--- Records Enclosed Below ---

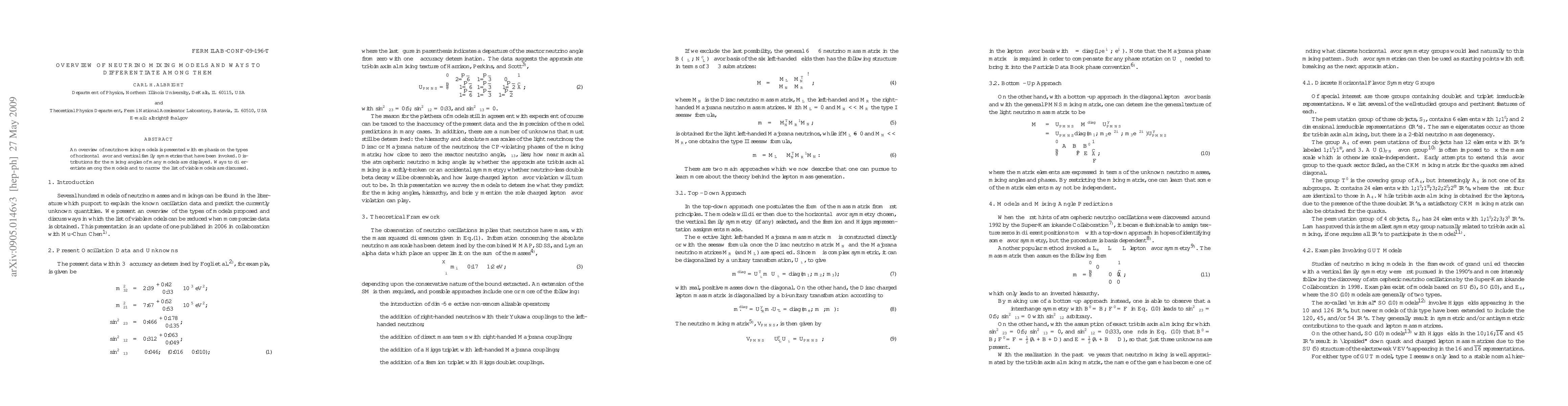 An overview of neutrino-mixing models is presented with emphasis on the types of horizontal flavor and vertical family symmetries that have been invoked. Distributions for the mixing angles of many models are displayed. Ways to differentiate among the models and to narrow the list of viable models are discussed.
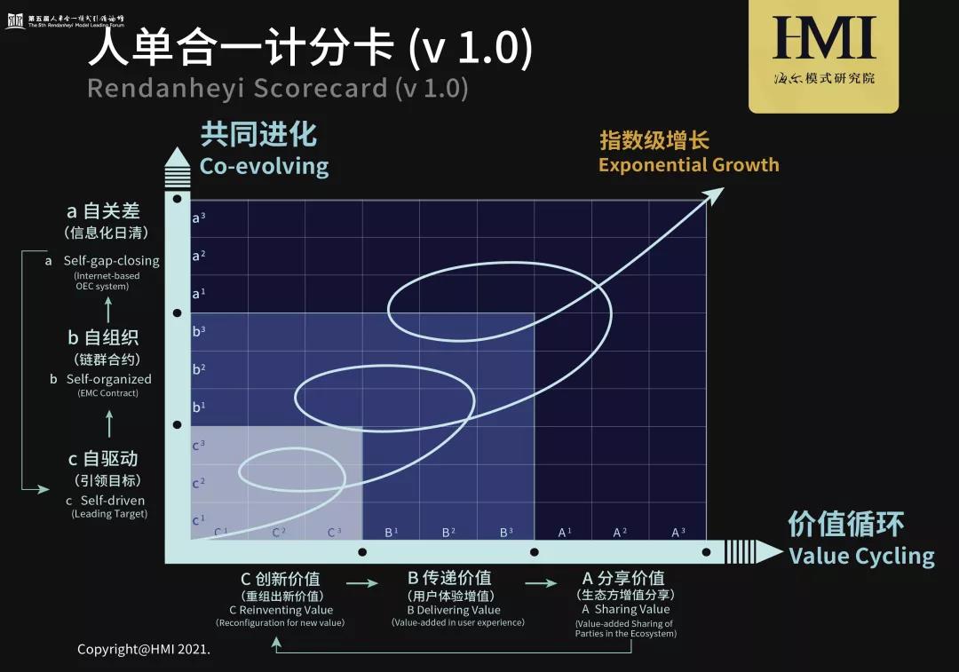 欧洲管理发展基金会推出的人单合一认证是以人单合一的计分卡为蓝本。人单合一计分卡的纵轴和横轴是两个循环:纵轴是共同进化,以链群合约为中心,根据用户需求确立引领目标,有了引领目标后,链群合约来承接,并通过信息化日清来关差,关差后,再确立一个新的引领目标,形成循环。横轴是价值循环,从创新价值,再到重组出新的价值,并传递价值,传递后根据用户反馈再创造,创造的价值由参与的各方来分享,分享后再来创造更新的价值,这是一个价值循环。横纵轴共同作用最终实现指数级的增长。
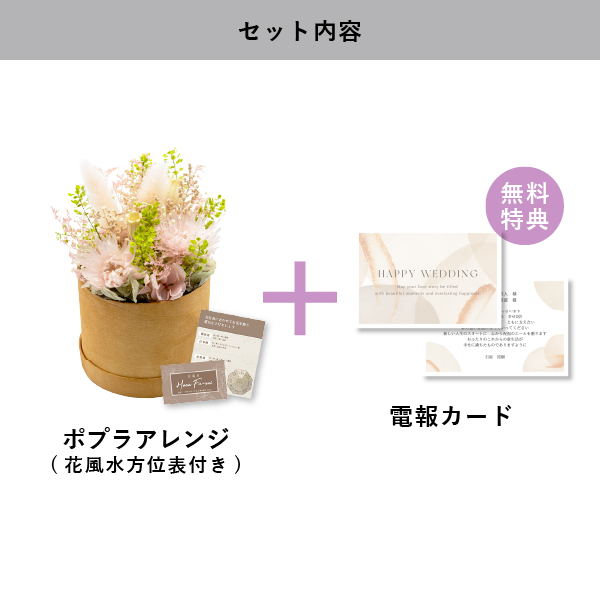 「たくさんの幸せが訪れますように…」と願いを込めて贈るオリジナルカード付のフラワー電報です。パッケージのまま渡せるころんとかわいいポプラアレンジは、記憶に残るフラワーギフトです。挙式後も長く飾って楽しむことができるので、想い出に残るお祝いギフトに!毎日のインテリアまで、季節を超えて楽しめるアイテムです。大切な方への贈り物にも最適です。
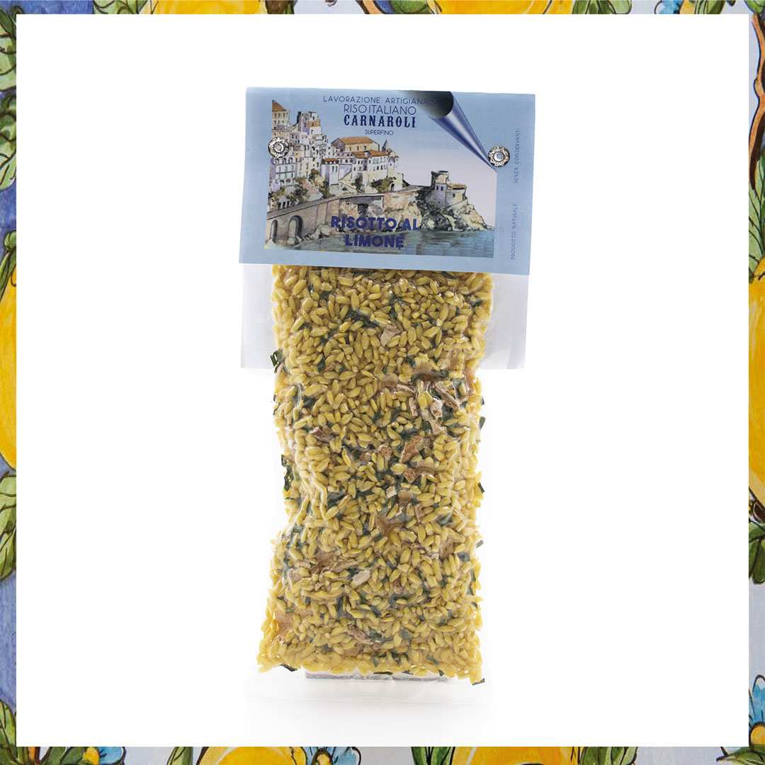 Ingredienti: Riso italiano carnaroli superfino (97,2%), bucce di limone (1,3%), succo di limone (1%), erba cipollina, olio evo, aroma naturale e cartamo (in porzioni variabili). Può contenere tracce di: glutine, sedano e senape.
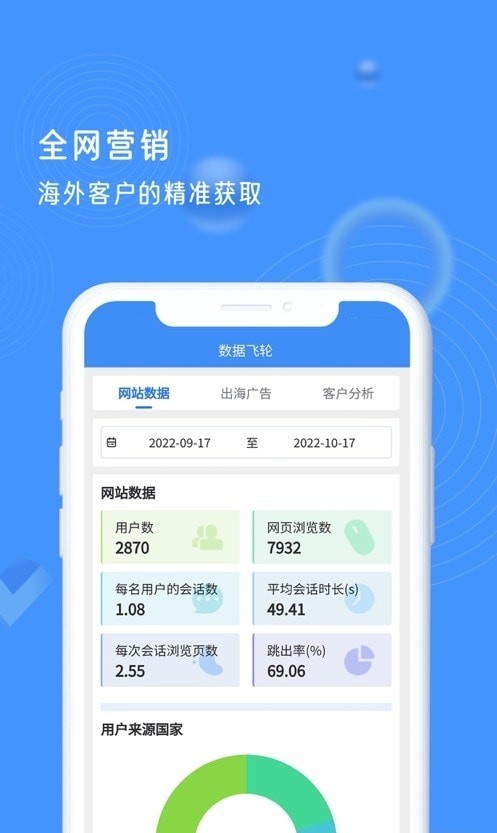 出海云是一款经营管理服务软件,给用户合理的分配客户资源信息,线上就能了解客户的动态信息,还能去查看广告投放信息,数据管理都很便利,全网营销信息都能够查看到,海外客户都能简单取得,数字化管理,随时能够线上取得客户信息和资源。
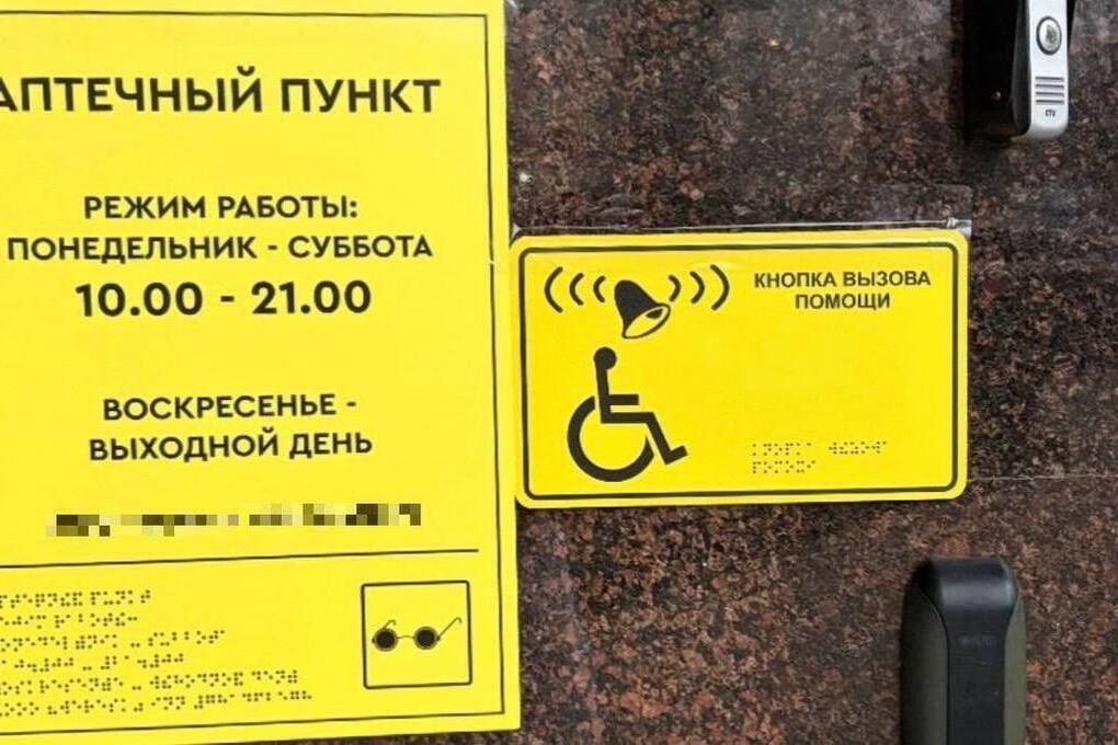 На входе в аптеку отсутствовали вывеска с графиком работы, выполненная рельефно-точечным шрифтом Брайля, и кнопка вызова специалиста, что нарушало права инвалидов на доступность.
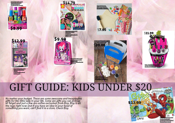 No matter your budget. These are some awesome and inexpensive gifts for the little lady in your life. Some are gifts you can pick up at Target and just a few are online exclusives from Etsy. Etsy is all the rage right now and if you have an idea in your head of something you want, can't find it in a store. Check Etsy.
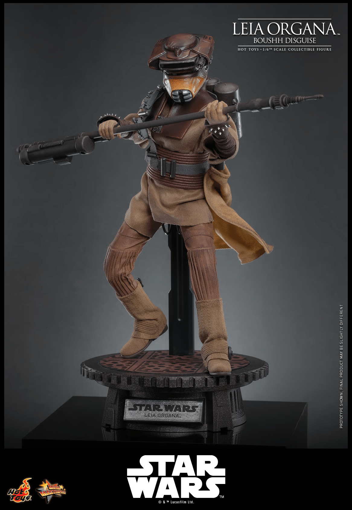 Sideshow and Hot Toys are proud to present the Leia Organa (Boushh Disguise)™ Sixth Scale Collectible Figure. The Star Wars action figure features a newly developed helmeted head with detailed weathering, as well as a separate unhelmeted head sculpt of Carrie Fisher as Leia, complemented by separate rolling eyeballs, a lifelike expression, and a meticulously sculpted low braided bun hairstyle.
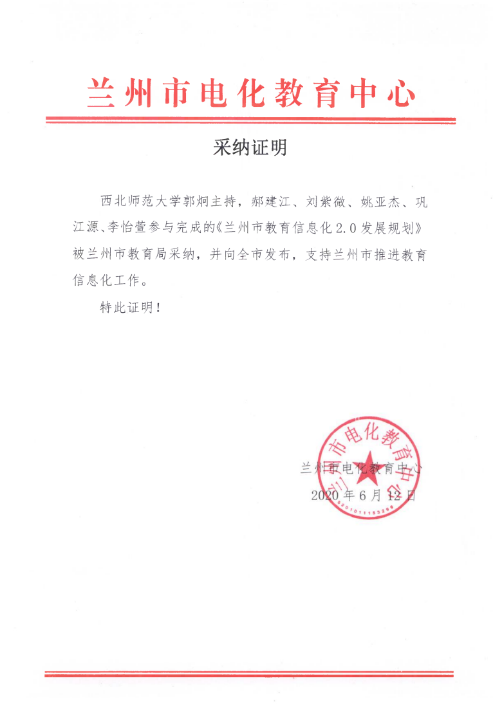 为深入推进兰州市教育信息化2.0工作开展,破解区域教育信息化发展不均衡、应用不深入、特色不突出等实际问题,明确兰州市教育信息化2.0工作推进的目标任务及重点工程,在兰州市电化教育中心的支持下,由郭炯教授牵头,全面调研了解了兰州市各县区教育信息化建设与应用现状,分析了区域教育信息化发展的成效、困境及需求,结合《教育信息化2.0行动计划》《中国教育现代化2035》等政策文件要求,聚焦区域本地发展情况及特色需求,编制了《兰州市教育信息化2.0发展规划》,明确了兰州市教育信息化2.0发展的基础环境智能化提升、数字校园建设均衡发展、优质资源共建共享、信息技术与教学融合应用、STEAM/创客教育服务体系建设、人工智能教育试点应用六大重点工程。
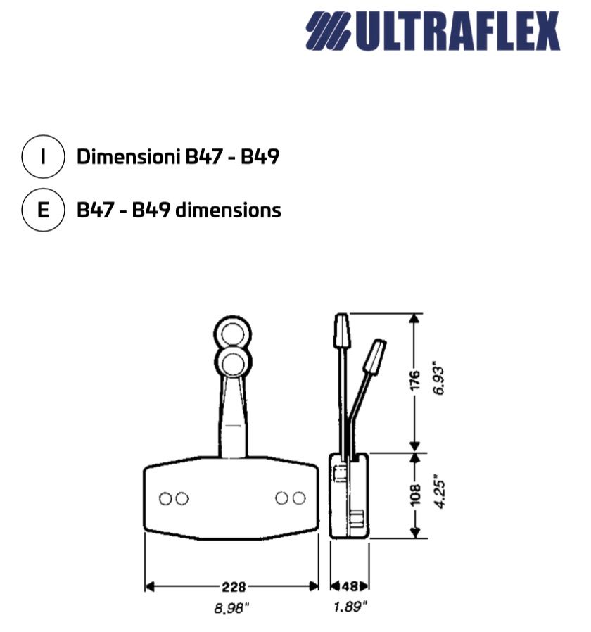 Ultraflex two lever side mount controls, suitable for all outboard engines. Made of nylon fiberglass with anodized aluminium levers. Left or right side mount installation.
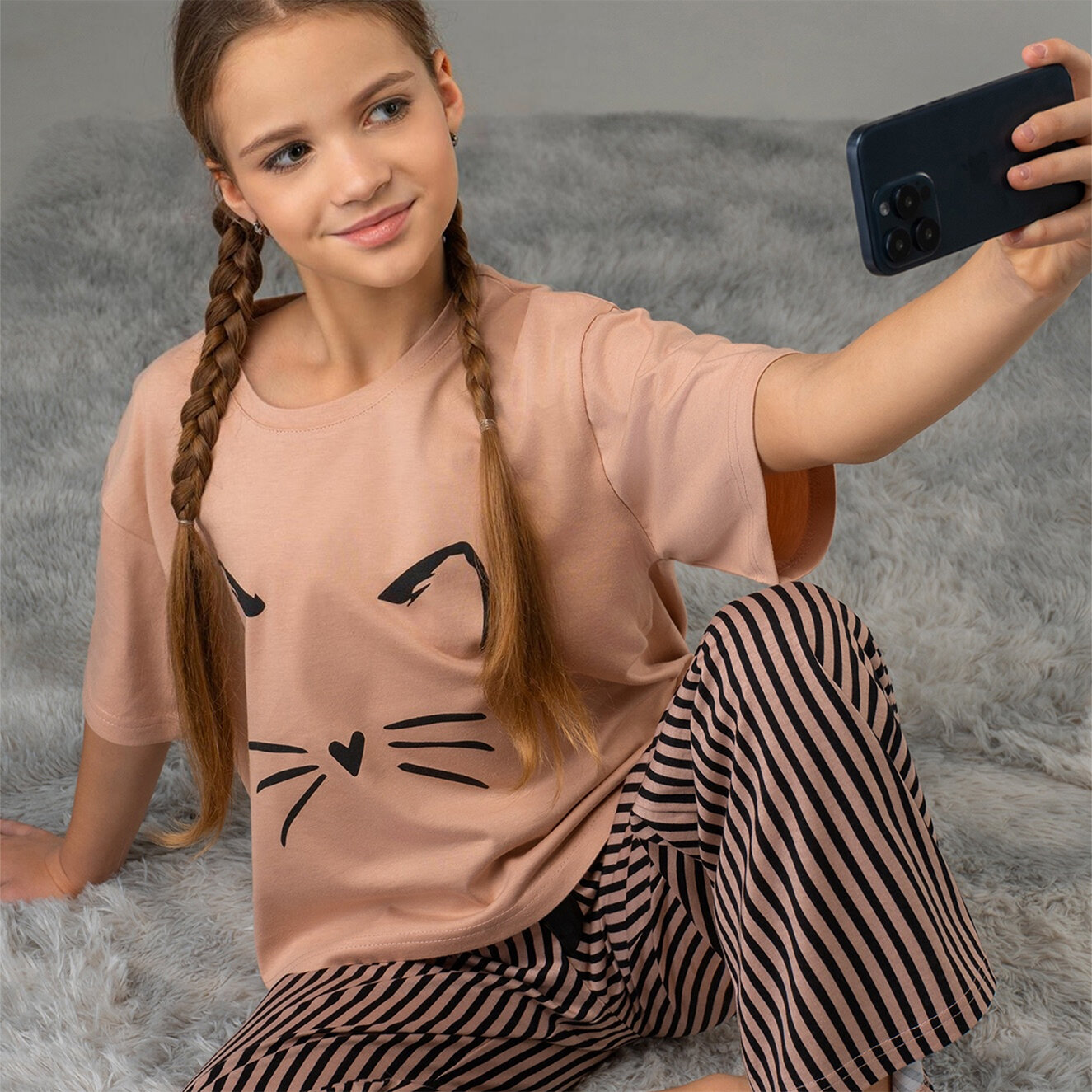 Пижама для девочки подростка со штанами хлопок HappyFox, HF8936SP размер 146, цвет усы.и.уши.бежевый

--- End of Enclosed Records ---

Set down word for word the lines from the opening of the entries above through the line that contains "欧洲管理发展基金会推出的人单", and omit every picture.

 An overview of neutrino-mixing models is presented with emphasis on the types of horizontal flavor and vertical family symmetries that have been invoked. Distributions for the mixing angles of many models are displayed. Ways to differentiate among the models and to narrow the list of viable models are discussed.
 欧洲管理发展基金会推出的人单合一认证是以人单合一的计分卡为蓝本。人单合一计分卡的纵轴和横轴是两个循环:纵轴是共同进化,以链群合约为中心,根据用户需求确立引领目标,有了引领目标后,链群合约来承接,并通过信息化日清来关差,关差后,再确立一个新的引领目标,形成循环。横轴是价值循环,从创新价值,再到重组出新的价值,并传递价值,传递后根据用户反馈再创造,创造的价值由参与的各方来分享,分享后再来创造更新的价值,这是一个价值循环。横纵轴共同作用最终实现指数级的增长。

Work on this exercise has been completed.